Dataset entries:
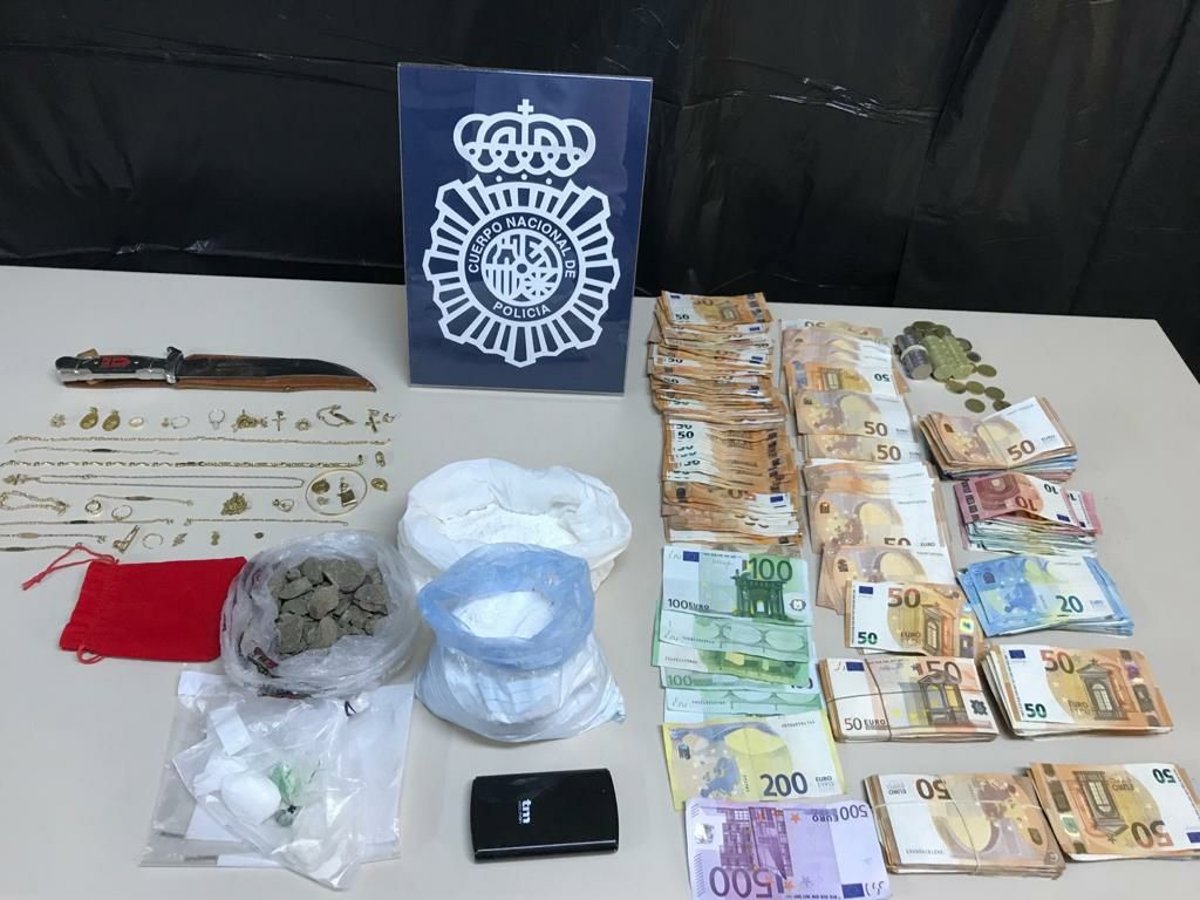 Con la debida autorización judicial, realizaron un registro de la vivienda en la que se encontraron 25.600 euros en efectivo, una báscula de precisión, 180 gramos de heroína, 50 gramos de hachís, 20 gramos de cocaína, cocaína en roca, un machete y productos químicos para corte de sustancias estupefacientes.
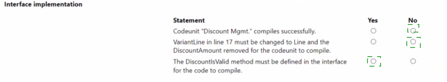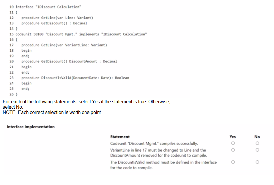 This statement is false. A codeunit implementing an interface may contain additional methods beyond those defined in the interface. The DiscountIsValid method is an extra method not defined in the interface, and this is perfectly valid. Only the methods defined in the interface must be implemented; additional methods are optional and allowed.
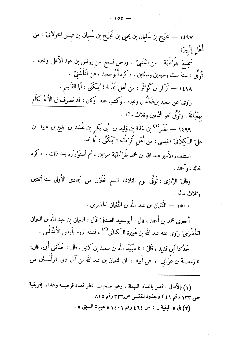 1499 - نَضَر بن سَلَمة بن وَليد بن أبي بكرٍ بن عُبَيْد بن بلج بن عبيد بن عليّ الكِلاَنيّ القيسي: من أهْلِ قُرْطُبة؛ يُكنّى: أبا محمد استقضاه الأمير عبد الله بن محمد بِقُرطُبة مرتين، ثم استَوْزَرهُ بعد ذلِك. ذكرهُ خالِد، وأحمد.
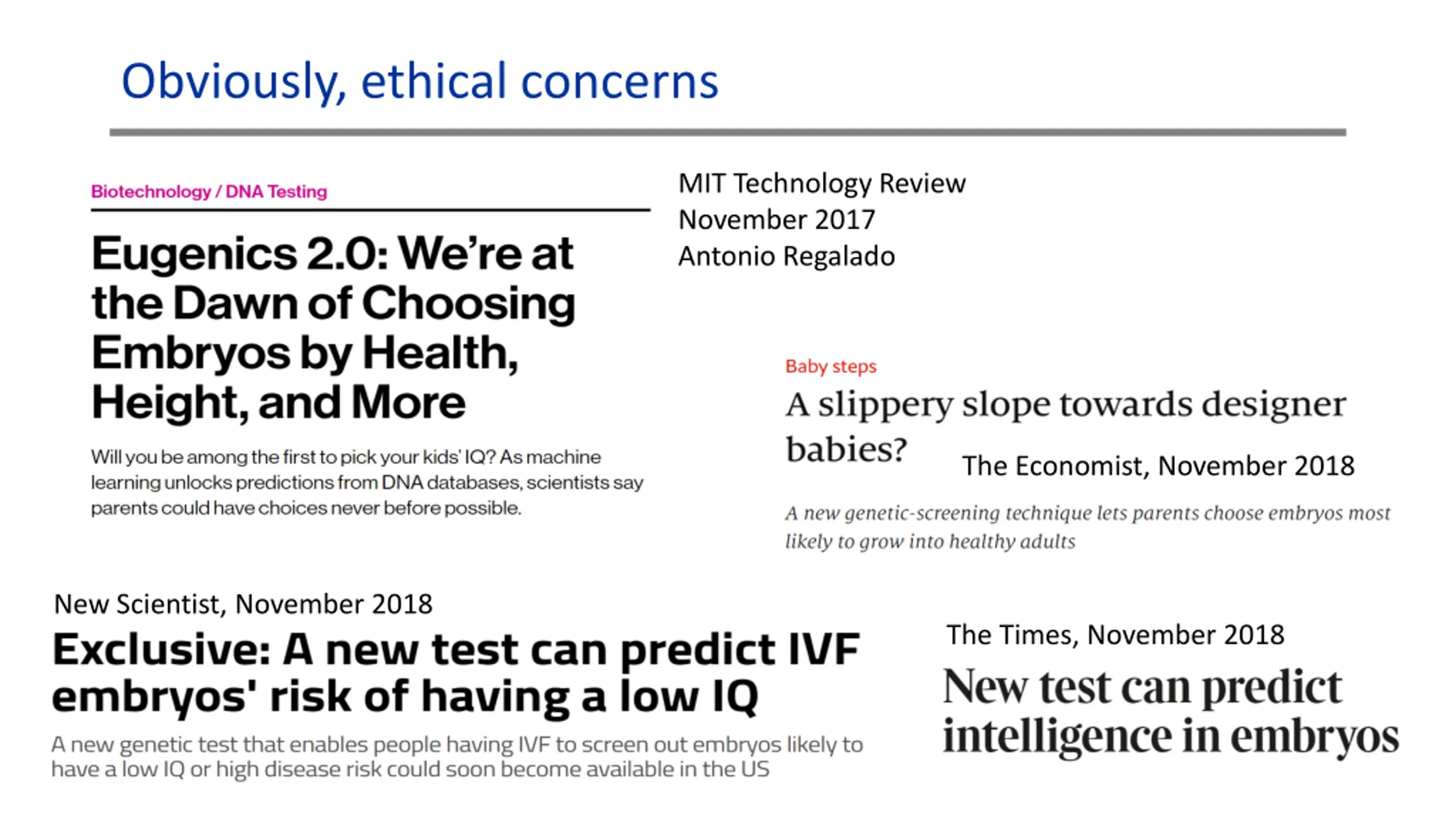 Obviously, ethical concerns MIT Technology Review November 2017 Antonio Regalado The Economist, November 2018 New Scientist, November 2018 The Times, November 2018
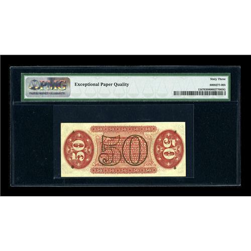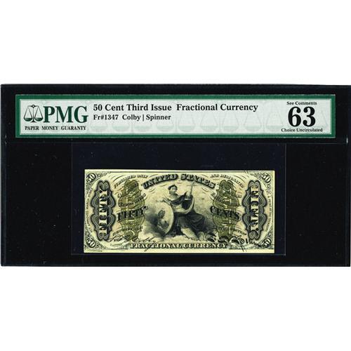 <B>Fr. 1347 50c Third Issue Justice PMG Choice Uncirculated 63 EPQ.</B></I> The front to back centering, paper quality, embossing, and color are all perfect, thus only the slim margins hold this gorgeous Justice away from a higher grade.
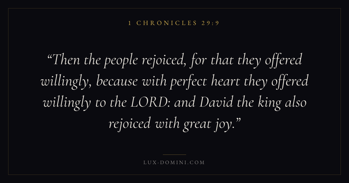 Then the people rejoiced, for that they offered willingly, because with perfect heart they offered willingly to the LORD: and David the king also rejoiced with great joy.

Exercise requirements:
Your copy should match the entries above exactly and contain no pictures.

Task result:
 Con la debida autorización judicial, realizaron un registro de la vivienda en la que se encontraron 25.600 euros en efectivo, una báscula de precisión, 180 gramos de heroína, 50 gramos de hachís, 20 gramos de cocaína, cocaína en roca, un machete y productos químicos para corte de sustancias estupefacientes.
 This statement is false. A codeunit implementing an interface may contain additional methods beyond those defined in the interface. The DiscountIsValid method is an extra method not defined in the interface, and this is perfectly valid. Only the methods defined in the interface must be implemented; additional methods are optional and allowed.
 1499 - نَضَر بن سَلَمة بن وَليد بن أبي بكرٍ بن عُبَيْد بن بلج بن عبيد بن عليّ الكِلاَنيّ القيسي: من أهْلِ قُرْطُبة؛ يُكنّى: أبا محمد استقضاه الأمير عبد الله بن محمد بِقُرطُبة مرتين، ثم استَوْزَرهُ بعد ذلِك. ذكرهُ خالِد، وأحمد.
 Obviously, ethical concerns MIT Technology Review November 2017 Antonio Regalado The Economist, November 2018 New Scientist, November 2018 The Times, November 2018
 <B>Fr. 1347 50c Third Issue Justice PMG Choice Uncirculated 63 EPQ.</B></I> The front to back centering, paper quality, embossing, and color are all perfect, thus only the slim margins hold this gorgeous Justice away from a higher grade.
 Then the people rejoiced, for that they offered willingly, because with perfect heart they offered willingly to the LORD: and David the king also rejoiced with great joy.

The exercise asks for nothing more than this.